そうなってくれば、子供のとる行動は1つ。O君と一緒にこそこそと駄菓子屋に行くことだ!

 

ブタメン、きなこ棒、ヤッター麺、ポテトフライ、キャベツ太郎 etc……

 

枚挙にいとまがないほどの種類。うおーうおーと奇声を上げながら店内をうろつく僕。

O君は慣れた手つきで商品を手に取り、店の奥にいるばあさんを呼びつける。

会計が終わった瞬間に袋から取りだして口に放り込む。

 

ワイルドでめっちゃかっこよく見えたのだ。

まるでテーラーで、口ひげの生えたセンスのいい老紳士に、スマートにオーダースーツを注文するベッカムに見えた。

 

実際は、O君は猿顔であり、老紳士はガラケーみたいに腰のまがったばあさんなのだが、当時の僕にはハイソサエティな社交場のように見えていた。

 

初めて食べたのは、確かポテトフライのフライドチキン味だったと思う。

それまで、家では和菓子か自家製お菓子ばかり食べていたため、化学調味料がふんだんに使われた味は、まさに衝撃。ガツンとくる塩味に、次々と口にほおばり、ザクザクとした食感を堪能した。

 

そこから一気に駄菓子にはまり、増える体重、減るお小遣い。

 

子供のするこそこそなど、提灯の中に火を隠すがごとく、しばらくして駄菓子屋通いは親に知れるところとなった。

 

すったもんだの上駄菓子屋出禁をくらった。

 

当時からバスケをこなす文系少年(美少年)だった僕は、大いにショックを受け、枕を濡らしたものだ。

 

そして現在、アラサーを迎え、来年には30になろうかという身空で、健康面でのペナルティーカードが出されている。

 

医者のすすめる間食は、当時母が作ってくれた自家製お菓子達だった。

 

子供なんて馬鹿でアホで間抜けだ。突然走り出して車にひかれることもあれば、訳の分からないところに潜り込んで出られなくなったり。人の大勢いる飲食店や風呂で騒いだり。

 

もちろん、健康的で手間のかかった、ちゃんとした「味」を分からず、化学調味料にだまされて味覚と健康を害すことも含む。

 

それでも、その都度何が悪いかを説き、場合によっては手をあげる。

 

そんな風にして、馬鹿でアホで間抜けな部分を、矯正していくのだ。

 

素知らぬ顔で騒ぐ子供を放っておく親は、それを注意されことがないからなのだ。

それは、本人ではなく、親の責任だ。そう考えれば、

ちゃんとした教育を受けることのできなかった彼らは、一種の被害者なのだろう。

 

馬鹿でアホで間抜けな部分を矯正できなかった彼らは、これからもそのままとなってしまう。

 

だからこそ、もしも自分に子供ができるならば、本物の味を教えてあげたい。

公共のスペースで騒ぐならば、社会性とは何かを教えてあげたい。

 

そんなことを、コーラでポテトチップスを流し込みながら思う。

 

人間、悪いこともしなきゃ不健康だな。ガハハ!! 酒も煙草も絶対やめん!

 

とは思うものの、親から教わったのは、騒ぐな、とか、食べるな、だけではないはずだ。

 

そんなことを、健康診断帰りに思う。

年をとらなければ分からないこともあるなんて、人生とはいつまでも勉強だ。

電車における快眠について

長時間での電車移動といえば、スマホをいじるか読書。はたまた音楽鑑賞がいい暇つぶしだろう。

 

中には友人・知人との会話という人もいるだろうが、閉鎖空間内での大声と、笑い声は勘弁してほしい。

 

さて、上記の暇つぶし以外に、もう一ついい方法がある。

睡眠だ。

 

以前書いた記事でも述べた通り、頻尿のため夜中に3度も便所に行く僕は、万年寝不足だ。
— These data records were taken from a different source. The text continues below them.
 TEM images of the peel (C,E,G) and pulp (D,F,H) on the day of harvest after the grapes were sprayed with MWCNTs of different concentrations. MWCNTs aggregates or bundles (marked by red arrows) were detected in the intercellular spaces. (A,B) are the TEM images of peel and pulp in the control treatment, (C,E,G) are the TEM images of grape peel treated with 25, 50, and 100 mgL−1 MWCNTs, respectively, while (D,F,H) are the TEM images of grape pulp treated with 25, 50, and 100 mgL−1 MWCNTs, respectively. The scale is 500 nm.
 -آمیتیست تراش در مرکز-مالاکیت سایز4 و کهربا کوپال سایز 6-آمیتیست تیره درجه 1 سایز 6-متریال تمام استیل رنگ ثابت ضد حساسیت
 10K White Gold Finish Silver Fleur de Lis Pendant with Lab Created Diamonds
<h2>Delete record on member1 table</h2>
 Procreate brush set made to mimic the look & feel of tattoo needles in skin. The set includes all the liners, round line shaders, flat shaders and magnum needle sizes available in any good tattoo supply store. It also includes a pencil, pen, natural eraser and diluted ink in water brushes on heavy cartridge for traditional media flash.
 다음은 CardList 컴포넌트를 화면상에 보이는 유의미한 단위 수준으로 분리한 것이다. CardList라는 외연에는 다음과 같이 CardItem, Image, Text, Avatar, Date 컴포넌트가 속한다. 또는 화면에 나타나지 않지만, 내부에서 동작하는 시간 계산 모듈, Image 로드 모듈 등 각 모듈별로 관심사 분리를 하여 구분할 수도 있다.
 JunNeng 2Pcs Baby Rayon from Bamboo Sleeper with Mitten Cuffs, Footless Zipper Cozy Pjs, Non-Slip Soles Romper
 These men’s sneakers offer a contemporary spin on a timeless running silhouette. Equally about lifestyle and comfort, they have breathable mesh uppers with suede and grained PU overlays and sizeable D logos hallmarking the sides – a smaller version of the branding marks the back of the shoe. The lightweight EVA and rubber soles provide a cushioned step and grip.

まして、商業柄、徹夜・夜間作業・昼夜逆転・高コレステロール・高血圧・脳梗塞・糖尿病・不整脈・女日照りに男日照り、などは職業病である。

 

眠れるときに眠っておくは、戦時下における前線兵士と、ライター・編集者の鉄則なのである。

 

電車で眠る時は、おおむね左右に大きく首がふれ、隣の乗客にご迷惑をかけるのがご常道だと思うが、僕の場合は違う。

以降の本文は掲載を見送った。